Section on Pathophysiology and Molecular Pharmacology.
Section on Islet Cell and Regenerative Biology, Joslin Diabetes Center, Boston, MA 02215, USA.
Bioinformatics. 2018 May 1;34(9):1565-1567. doi: 10.1093/bioinformatics/btx787.
Across biology, we are seeing rapid developments in scale of data production without a corresponding increase in data analysis capabilities.
Here, we present Aether (http://aether.kosticlab.org), an intuitive, easy-to-use, cost-effective and scalable framework that uses linear programming to optimally bid on and deploy combinations of underutilized cloud computing resources. Our approach simultaneously minimizes the cost of data analysis and provides an easy transition from users' existing HPC pipelines.
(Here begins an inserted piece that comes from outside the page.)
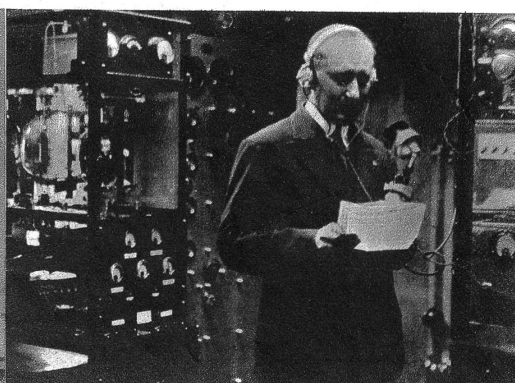
Marconi spricht von seiner Yacht aus zum erstenmal auf drahtlosem Wege mit Sidney

hundreds Riesenfortschritte. Tag und Nacht sass der Erfinder Marconi bei seinen Versuchen, restlos darauf bedacht, neue Verbesserungen und Verfeinerungen herauszuarbeiten. Sein ganzes Leben hindurch tat er ja alles selbst, denn nur das konnte zum Ziel führen, seien es grosse oder kleine Dinge. Als später seine Erfindungen einen immer grösseren Raum einnehmen und er nicht überall dabei sein konnte, war er doch der Initiator für alles, und sein Stab getreuer Mitarbeiter setzte das in Wirklichkeit um, was er anordnete.

Data utilized are available at https://pubs.broadinstitute.org/diabimmune and with EBI SRA accession ERP005989. Source code is available at (https://github.com/kosticlab/aether). Examples, documentation and a tutorial are available at http://aether.kosticlab.org.
chirag_patel@hms.harvard.edu or aleksandar.kostic@joslin.harvard.edu.
Supplementary data are available at Bioinformatics online.
在整个生物学领域,我们看到数据生产规模迅速扩大,但数据分析能力却没有相应提高。
在这里,我们介绍了 Aether(http://aether.kosticlab.org),这是一个直观、易用、具有成本效益和可扩展的框架,它使用线性规划来最优地竞标和部署未充分利用的云计算资源组合。我们的方法同时最小化了数据分析的成本,并为用户现有的高性能计算管道提供了一个简单的过渡。
使用的数据可在 https://pubs.broadinstitute.org/diabimmune 和 EBI SRA 访问号 ERP005989 获得。源代码可在(https://github.com/kosticlab/aether)获得。示例、文档和教程可在 http://aether.kosticlab.org 获得。
chirag_patel@hms.harvard.edu 或 aleksandar.kostic@joslin.harvard.edu。
补充数据可在生物信息学在线获得。